Look Who’s Talking

Congressmen Jamie Raskin (D, MD), Sheila Jackson Lee (D, TX), and Anthony Brown (D, MD), and Delegate Eleanor Holmes Norton (D, DC) are pushing a bill that would remove President Donald Trump under the 25th Amendment because, as these Progressive-Democrats insist, Trump is mentally unfit for office.

Indeed, Raskin has said he’s been thinking about this bill since he was elected last fall.  He insists now

This is a president who seems increasingly at odds with everyone and everything around him[.]

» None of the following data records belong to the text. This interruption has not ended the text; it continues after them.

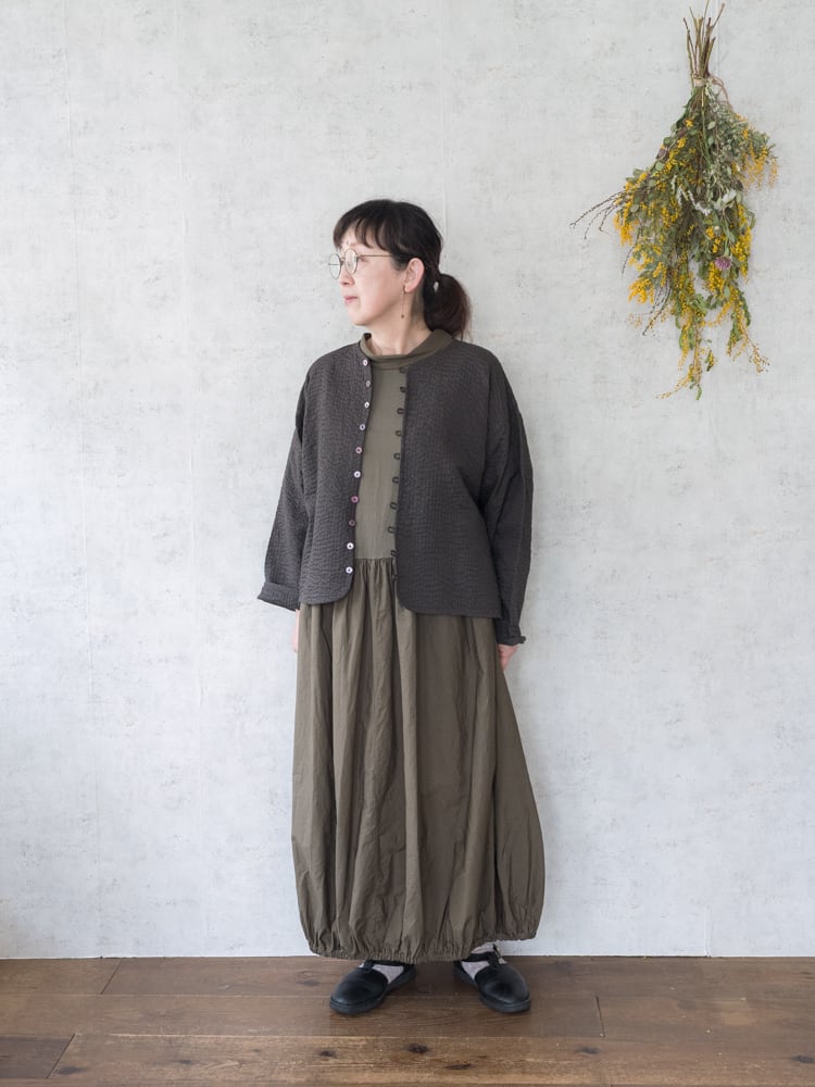 緩いカーブを描いたような膨らみのあるバルーンシルエット、ふんわりとしていますが裾がすぼまったデザインなので広がりすぎず程よいボリューム感でコーディネートに取り入れやすいワンピースです。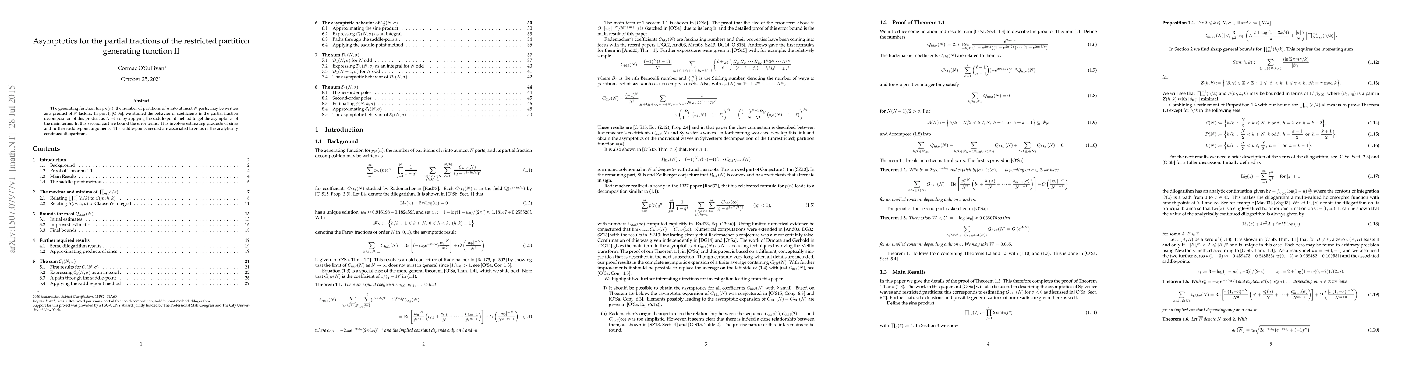The generating function for $p_N(n)$, the number of partitions of $n$ into at most $N$ parts, may be written as a product of $N$ factors. In part I, we studied the behavior of coefficients in the partial fraction decomposition of this product as $N \to \infty$ by applying the saddle-point method to get the asymptotics of the main terms. In this second part we bound the error terms. This involves estimating products of sines and further saddle-point arguments. The saddle-points needed are associated to zeros of the analytically continued dilogarithm.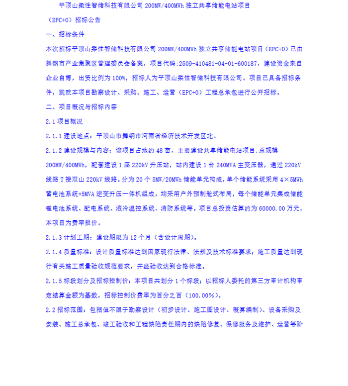 200MW/400MWh!平顶山独立共享储能电站项目EPC+O招标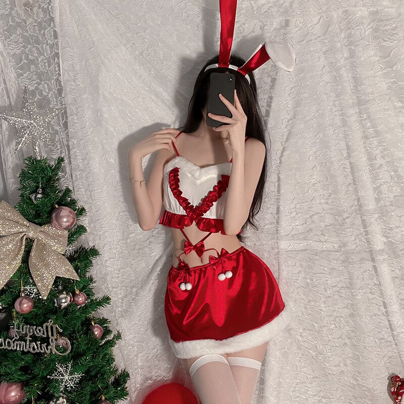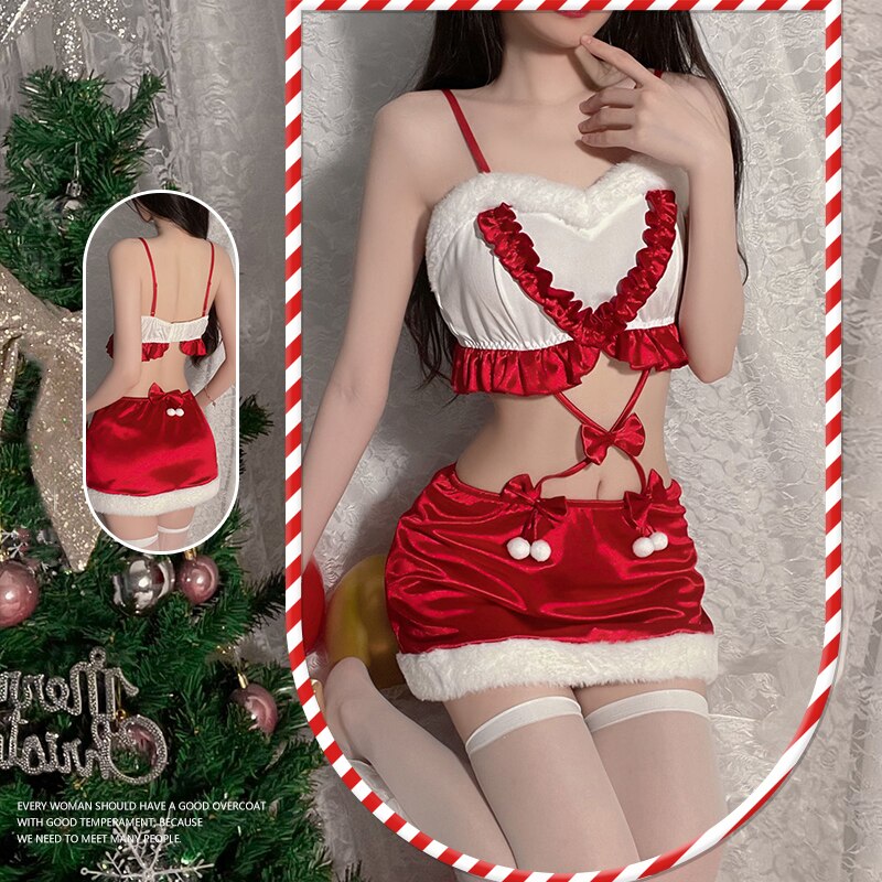 Christmas Gift Jumpsuits Night Dress Women Lace Sleepwear Bunny Girl Velvet Nightgown Pamajas Sexy Lingerie Sleep Tops Camisole

With no trace of understanding the irony of this person making this claim after having refused to attend the President’s inauguration.  In fact, the only persons Trump is at odds with are Progressive-Democrats like Raskin and his fellows in both houses of Congress, and that only because they’ve made it their business, through their leaders Senate Minority Leader Chuck Schumer (D, NY) and House Minority Leader Nancy Pelosi (D, CA), to oppose everything Trump or Republican.

Notice a pattern there?

Paranoia: typically includes thinking of a persecutory nature, or beliefs of conspiracy concerning a perceived threat towards oneself. Making false accusations and the general distrust of others also frequently accompany paranoia.

This is a textbook description of the Progressive-Democrats’ mindset ever since they lost the elections last fall, including this time the Presidential election.  This has been what the Progressive-Democrats in Congress have been doing since the Trump administration took office, with one specious (to be generous) charge after another: of “Russia collusion,” of “interfering with Comey’s investigation,” of “Trump obstructing justice,” of “Republicans will kill thousands of people with their health care reform,” of “Republicans only want to give tax breaks to the rich,” all at the expense of doing the people’s business in Congress.

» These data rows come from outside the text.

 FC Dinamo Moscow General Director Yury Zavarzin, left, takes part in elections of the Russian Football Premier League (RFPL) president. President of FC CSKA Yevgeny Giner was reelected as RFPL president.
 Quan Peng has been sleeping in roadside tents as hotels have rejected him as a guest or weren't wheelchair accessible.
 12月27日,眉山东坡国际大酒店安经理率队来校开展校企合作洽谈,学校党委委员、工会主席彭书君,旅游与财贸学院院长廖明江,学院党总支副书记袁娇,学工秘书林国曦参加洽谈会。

Plainly, there is need of such a bill.  But it needs to be aimed at members of Congress who have put their irrational conspiracy theories ahead of their duties to the point some members are no longer capable even of high functioning.

The Meaning of “Is”

The four liberal Justices on the Supreme Court are still confused.  One of the underreported (the Wall Street Journal did its part here) end-of-term decisions that the Supreme Court announced was its ruling in California Public Employees’ Retirement System v ANZ Securities, Inc.  The Court held that the law means what it says, neither more nor less.

The case revolved around whether Calpers could proceed with a 2011 complaint over securities the pension fund purchased from offerings in 2007 and 2008. The Securities Act of 1933 says that in “no event” shall an action be brought “more than three years after the security was bona fide offered to the public.”

But Calpers’ 2011 filing was too late; it was past that three-year limit (even if only by months relative to the 2008 offerings).  Not minding how special Calpers is (a legend in its own mind as my wife puts it), the Supreme Court held that

the three-year limit “admits of no exception” and “creates a fixed bar against future liability[.]”

Interestingly, the ruling was only by a 5-4 vote.  The liberal faction of the Court was just as self-important, or perhaps confused, as Calpers in disdaining the law: with their four votes they ignored, or were confused by, the meanings of “no event” and of “three years.”